A consent decree filed in federal court Friday says Sunland Inc. can reopen its plant in Portales if it hires an independent expert to develop a sanitation plan, which then must be approved by the Food and Drug Administration.
Conditions at the plant, which is the largest organic peanut butter producer in the country, prompted the FDA in November to use new authority for the first time to revoke the company's operating certificate without a court hearing. The action came after the plant was linked to a salmonella outbreak that sickened 42 people in 20 states this fall.
Friday's filing reinstates Sunland's food facility registration. But the company cannot process or distribute food from its peanut butter or peanut mill plants in Portales until it has complied with the consent decree's requirements and receives written authorization from the FDA.
"This consent decree prohibits Sunland from selling processed foods to consumers until it fully complies with the law," Stuart F. Delery, principal deputy assistant attorney general for the Justice Department's civil division, said in a statement. "As this case demonstrates, the Department of Justice and FDA will work together to protect the health and safety of Americans by making sure that those who produce and sell the food we eat follow the law."
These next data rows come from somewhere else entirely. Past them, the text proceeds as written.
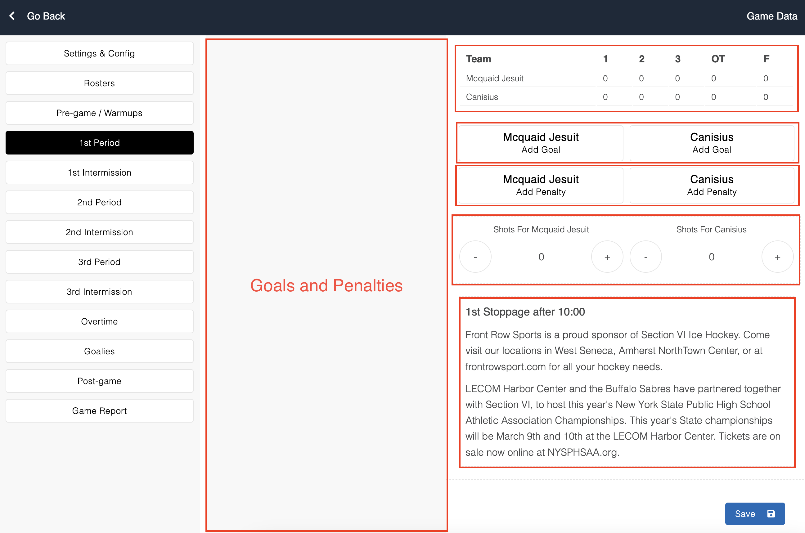 On the right column you will see the boxscore, buttons to add goals, penalties for the home/away teams, and four shot buttons (plus/minus for home/away teams)
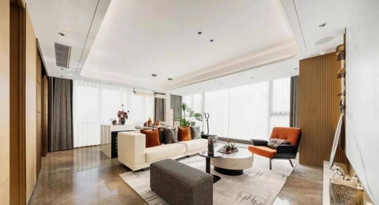 上叠约6.75米的景观宽厅,将厨房、餐厅、客厅、阳台连成流畅的整体,视觉上延展空间感的同时,更能拓展出丰富的生活场景,比如书房、茶室、吧台、运动区……
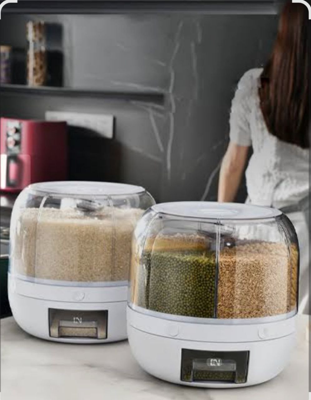 3. مخزن نگهداری جبوبات با بدنه قابل چرخش 360 درجه ساده و درب قابل جابجایی طراحی شده است که تمیز کردن و خشک کردن آن را آسان می کند.
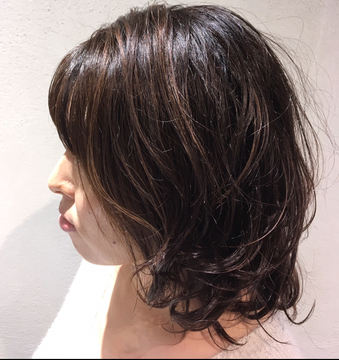 ベースは今までと明るさをかえずにハイライトを入れてあげる事によって、トーンアップした様に見えパーマスタイルもより立体的に見えます!
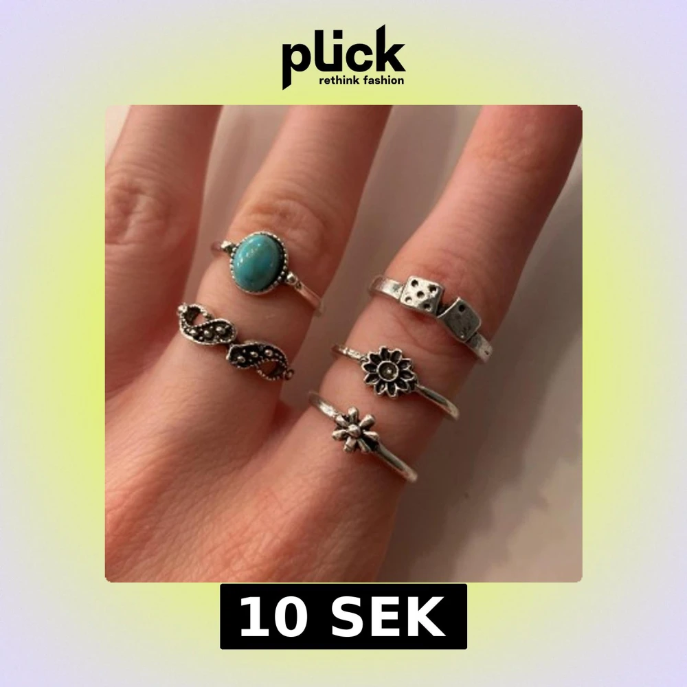 Säljer ett set med fem tunna ringar i silverfärg. Några ringar har detaljer som blommor, tärningar och en oval turkos sten. Alla är helt oanvända och är ej äkta silver eller kristall. Alla för 10kr, 3kr styck! ❤️

Sunland said the agreement came after it "provided additional information to FDA to demonstrate that recommended actions have been taken and required corrective actions are being implemented."
Sunland spokeswoman Katalin Coburn said that after the decree was filed, the FDA gave the plant permission to reopen its peanut processing facility while it works on the plan for reopening the peanut butter plant. She said work will resume the day after Christmas.
The Sunland plant was shuttered and hundreds of its products recalled in September and October after the salmonella outbreak was linked to Trader Joe's Valencia peanut butter manufactured at Sunland.
The recall and plant shuttering came as the region was finishing a bumper harvest of the prized Valencia peanuts grown almost exclusively in the region. The peanuts are favored for organic and natural peanut-butter products because of their sweet flavor, which requires few additives.
Sunland produces products for a number of national grocery and retail chains, and New Mexico Peanut Growers Association President Wayne Baker says the industry generates about $60 million in the region each year.
The FDA took the unusual step in November of revoking Sunland's registration just as the plant was hoping to reopen its processing plant to begin work on the millions of pounds of Valencia peanuts piled up in barns after this year's harvest.
The action was denounced as unfair and unnecessarily heavy-handed by many in the conservative farm town of Portales, where Sunland is the largest private employer. At the end of November, the plant had laid off about 30 percent of its 150 workers. Coburn said she was unsure how quickly the laid-off workers would be recalled.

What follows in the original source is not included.